### Exercise aim
Take the entries below and write them out exactly, with each picture removed.

### Records supplied

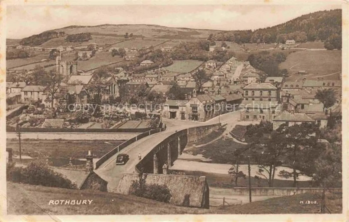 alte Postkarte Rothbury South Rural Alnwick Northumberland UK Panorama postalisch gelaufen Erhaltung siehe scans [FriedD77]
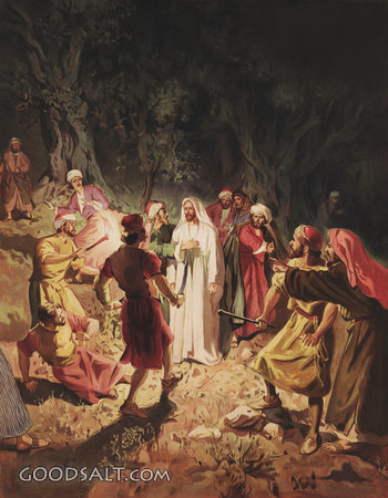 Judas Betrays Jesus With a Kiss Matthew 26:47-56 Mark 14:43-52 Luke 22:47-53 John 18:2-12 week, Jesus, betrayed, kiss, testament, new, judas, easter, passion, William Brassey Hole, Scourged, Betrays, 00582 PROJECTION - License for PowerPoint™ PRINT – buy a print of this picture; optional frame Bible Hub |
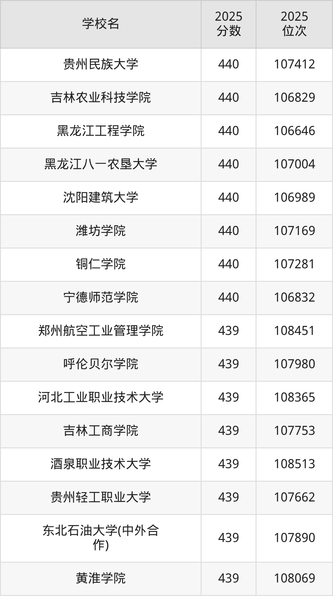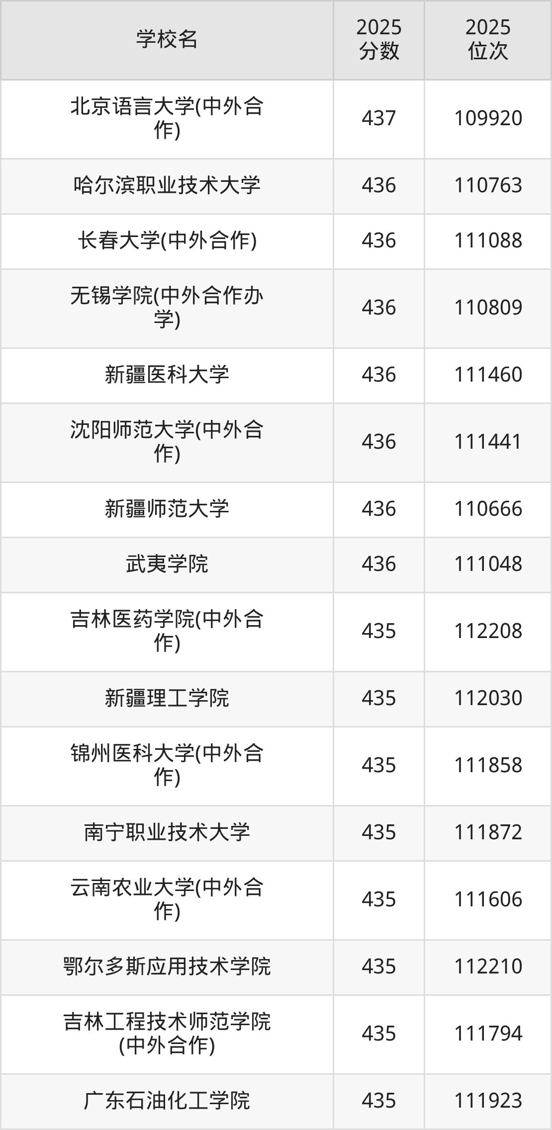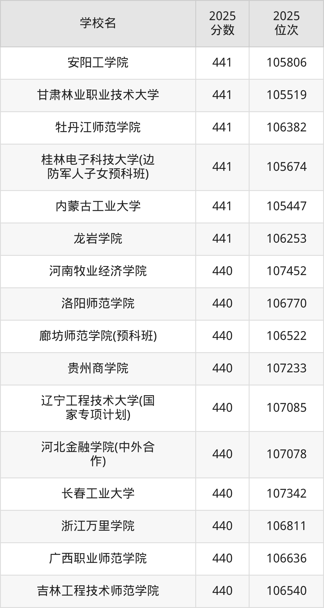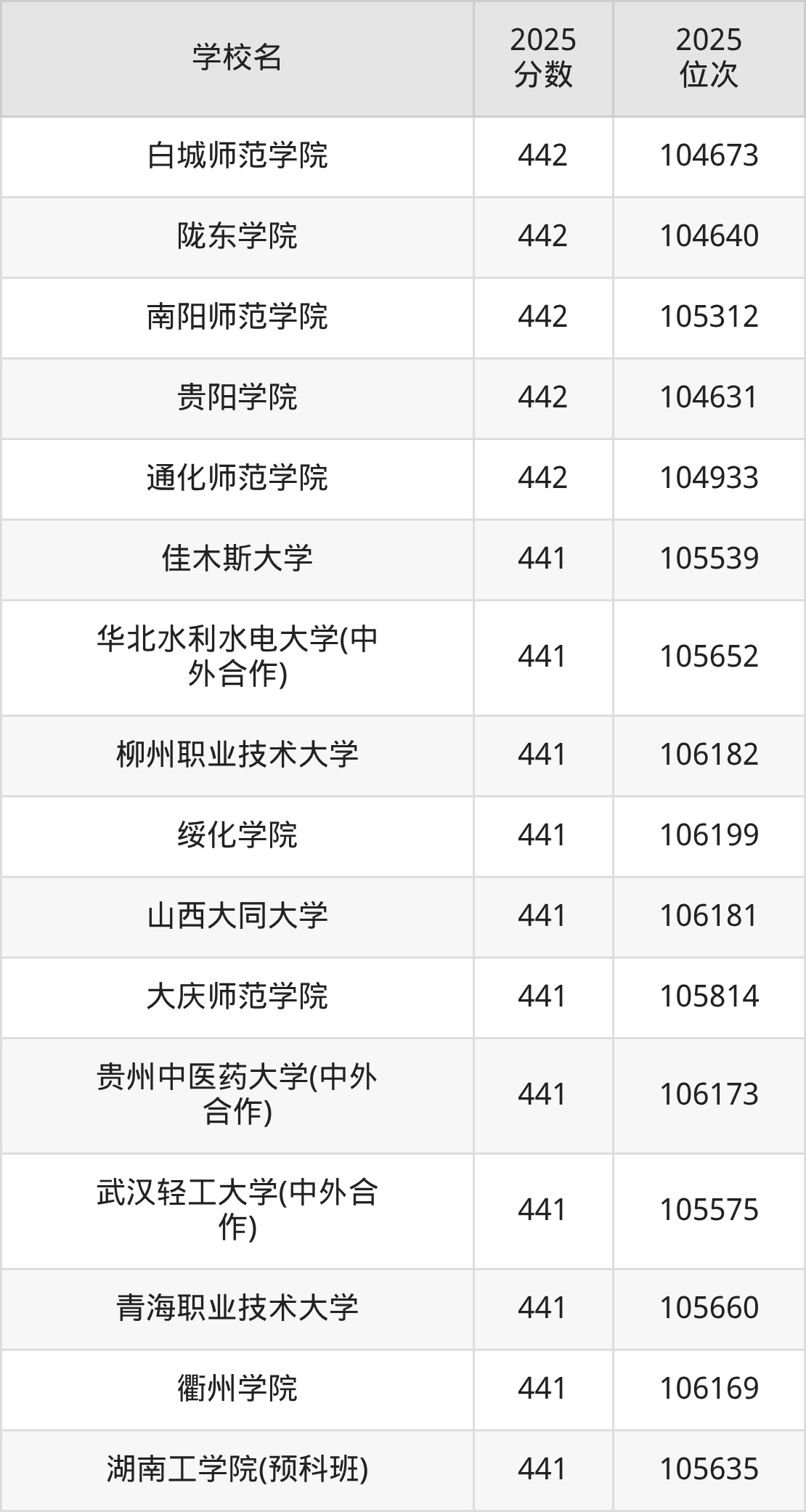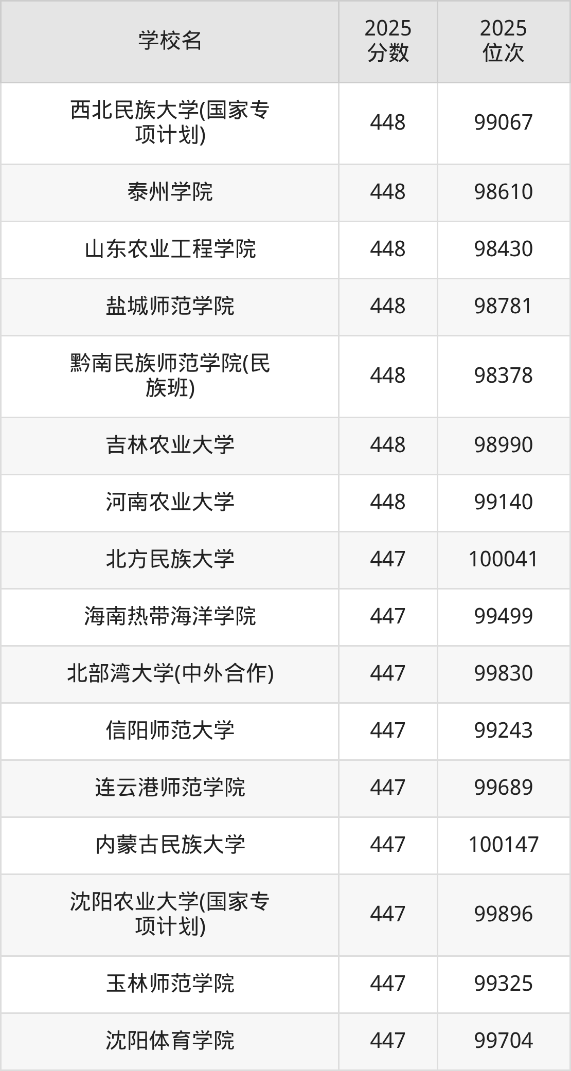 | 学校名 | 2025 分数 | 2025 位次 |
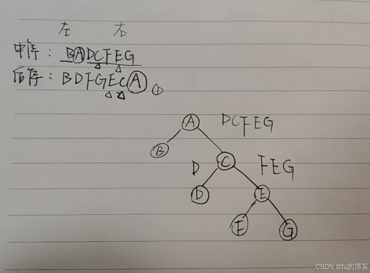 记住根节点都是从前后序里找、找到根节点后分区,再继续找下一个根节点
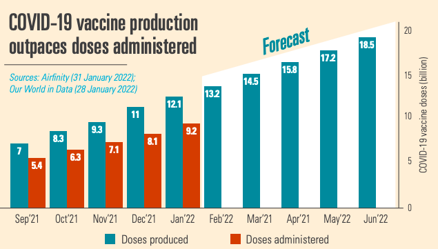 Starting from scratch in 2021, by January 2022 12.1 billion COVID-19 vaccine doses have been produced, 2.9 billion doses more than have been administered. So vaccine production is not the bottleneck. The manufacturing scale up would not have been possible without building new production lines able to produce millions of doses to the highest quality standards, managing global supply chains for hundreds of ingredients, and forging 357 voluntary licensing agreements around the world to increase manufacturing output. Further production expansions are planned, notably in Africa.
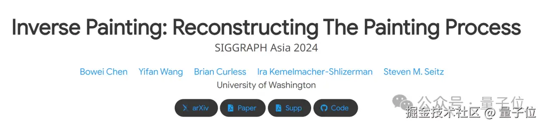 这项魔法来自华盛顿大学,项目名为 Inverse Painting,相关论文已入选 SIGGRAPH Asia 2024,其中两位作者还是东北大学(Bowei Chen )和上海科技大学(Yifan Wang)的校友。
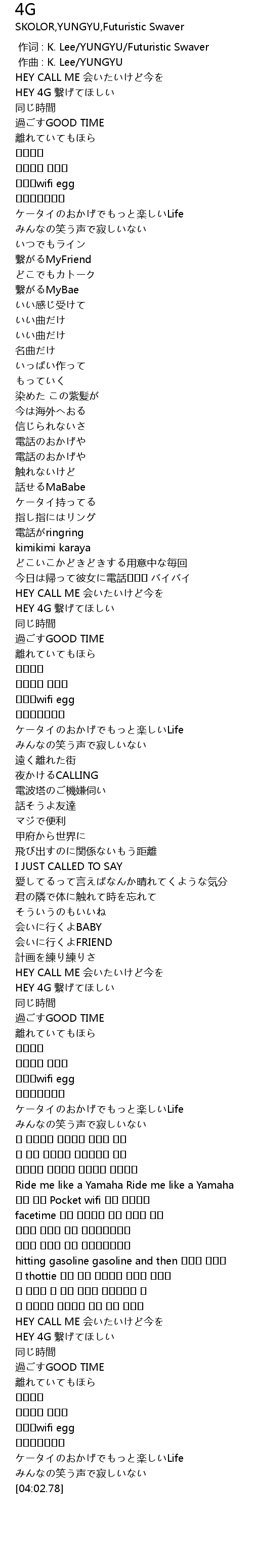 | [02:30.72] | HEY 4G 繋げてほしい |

### Problem solution
 alte Postkarte Rothbury South Rural Alnwick Northumberland UK Panorama postalisch gelaufen Erhaltung siehe scans [FriedD77]
 Judas Betrays Jesus With a Kiss Matthew 26:47-56 Mark 14:43-52 Luke 22:47-53 John 18:2-12 week, Jesus, betrayed, kiss, testament, new, judas, easter, passion, William Brassey Hole, Scourged, Betrays, 00582 PROJECTION - License for PowerPoint™ PRINT – buy a print of this picture; optional frame Bible Hub |
 | 学校名 | 2025 分数 | 2025 位次 |
 记住根节点都是从前后序里找、找到根节点后分区,再继续找下一个根节点
 Starting from scratch in 2021, by January 2022 12.1 billion COVID-19 vaccine doses have been produced, 2.9 billion doses more than have been administered. So vaccine production is not the bottleneck. The manufacturing scale up would not have been possible without building new production lines able to produce millions of doses to the highest quality standards, managing global supply chains for hundreds of ingredients, and forging 357 voluntary licensing agreements around the world to increase manufacturing output. Further production expansions are planned, notably in Africa.
 这项魔法来自华盛顿大学,项目名为 Inverse Painting,相关论文已入选 SIGGRAPH Asia 2024,其中两位作者还是东北大学(Bowei Chen )和上海科技大学(Yifan Wang)的校友。
 | [02:30.72] | HEY 4G 繋げてほしい |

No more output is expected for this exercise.